In the local context, Katie is the feminine answer to Mad Rad. The two acts incidentally share a label home at Out For Stardom, as well as a similar fundamental identity: that of the emotionally tormented (exhausted?) seven-days-a-week party purveyor. On Flatland, Katie Kate’s debut album, the MC/singer/producer makes it perfectly clear that she has problems and that the absolute best way to deal with them is to dance and sing her way through the strife.

On “Totebag” Katie fills a proverbial knapsack with emotional remnants from past loves, both tragically good and bad. A well-executed flip of those killer chimes from The Brothers Johnson’s “Strawberry Letter 23” is like a bittersweet sprinkle of stardust over the track’s synth-laden thump. Most of Flatland’s ten tracks are similarly charming exercises in rudimentary beatmaking. Katie employs a learned appreciation for bare-knuckle 808 knock and the endless array of effects at her synthesized disposal. The best example is “Hunting,” an industrial-grade dance workout that finds Katie on the prowl; it’s here that she’s at her most charming, toying with her sonic creation with deft switches between rapping and singing. Unfortunately she does neither exceptionally well…yet. Her attempt at lyrical miracles on “Uh.. No” leaves much to be desired and “Bodyout Princess” (an inane declaration of the artist’s unique identity and perhaps formal unveiling of the Official Katie Kate Tagline) is simply too far out-of-bounds for her, vocally.

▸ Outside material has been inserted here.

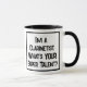 Divertido lema en un tazón de café de dos tonos que dice "Soy Clarinetista. ¿Cuál es TU supertalento?". Dos tazas de café para un Clarinetista o alguien que toca el clarinete. Texto en negrita en blanco y negro.

Still, there’s much promising on Flatland. Katie, like the best electro-pop artists, is capable of finding the fleeting humanity within electronic music’s artificial constructs. Whether it’s the lovely reserve of her singing on “Houses” or the playful yet astute romantic observations on the echoing “Constellations,” a significant swath of Seattle’s music-loving populace can relate to Katie Kate’s point-of-view, and for this reason Flatland is an invaluable entry to the game. In a post-genre musical world like today, where some folks find themselves stumbling through (the grumpy rap purist set) and others drift seamlessly between genre amalgams (the wide-eyed youngsters), it’s mad scientist artists like Katie Kate who have the most to gain and the least to lose.